++++ COLLECTED MATERIAL
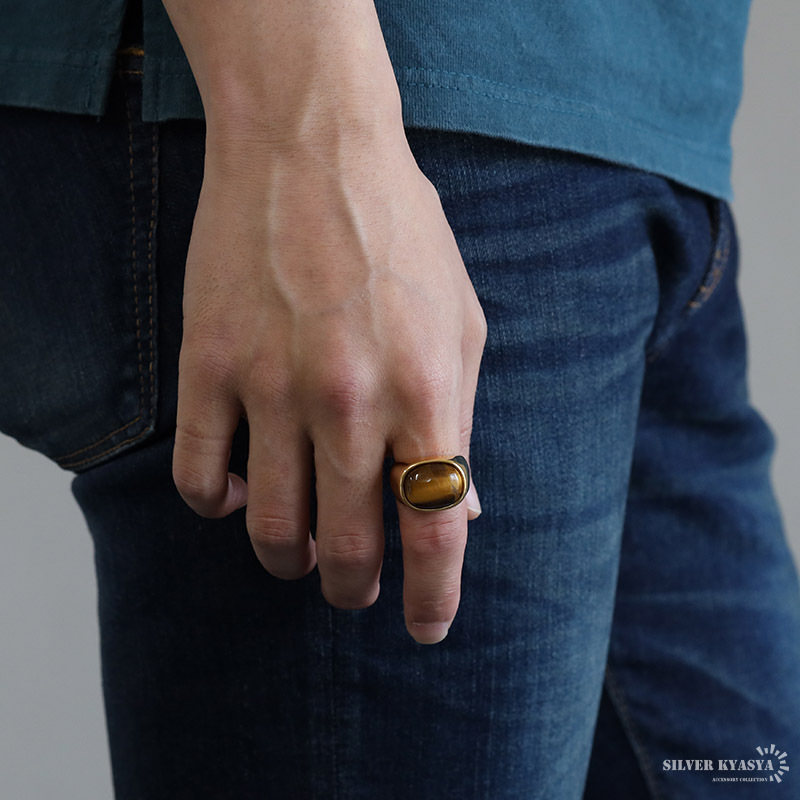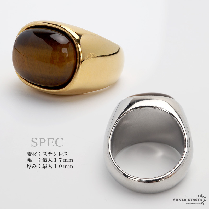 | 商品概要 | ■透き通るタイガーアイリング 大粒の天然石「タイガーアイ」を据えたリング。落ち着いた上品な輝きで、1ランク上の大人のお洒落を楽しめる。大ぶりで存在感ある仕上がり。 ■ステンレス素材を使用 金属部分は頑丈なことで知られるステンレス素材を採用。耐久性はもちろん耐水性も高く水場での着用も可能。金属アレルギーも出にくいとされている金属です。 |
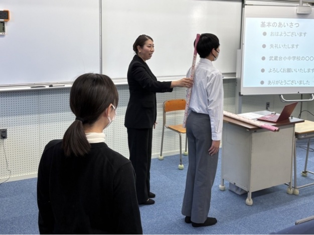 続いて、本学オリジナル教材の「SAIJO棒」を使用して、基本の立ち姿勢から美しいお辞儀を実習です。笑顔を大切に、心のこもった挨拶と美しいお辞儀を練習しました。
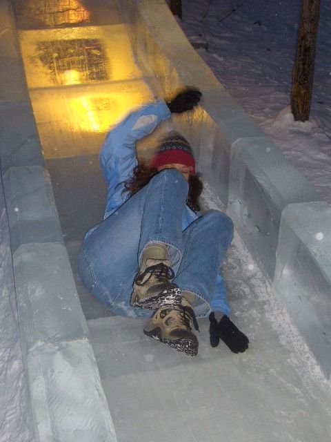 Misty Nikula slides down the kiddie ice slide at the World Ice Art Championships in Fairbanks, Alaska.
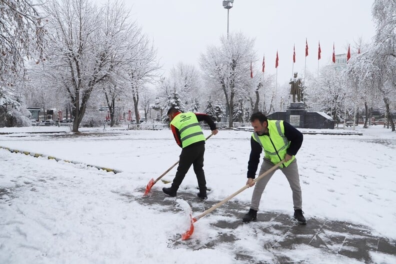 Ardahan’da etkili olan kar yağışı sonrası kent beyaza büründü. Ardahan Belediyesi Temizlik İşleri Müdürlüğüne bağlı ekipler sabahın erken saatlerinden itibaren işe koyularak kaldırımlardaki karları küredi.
++++++++
What is needed is an exact repetition of every line from the line with "Misty Nikula slides" to the end of the data above, both ends included, with no pictures.

 Misty Nikula slides down the kiddie ice slide at the World Ice Art Championships in Fairbanks, Alaska.
 Ardahan’da etkili olan kar yağışı sonrası kent beyaza büründü. Ardahan Belediyesi Temizlik İşleri Müdürlüğüne bağlı ekipler sabahın erken saatlerinden itibaren işe koyularak kaldırımlardaki karları küredi.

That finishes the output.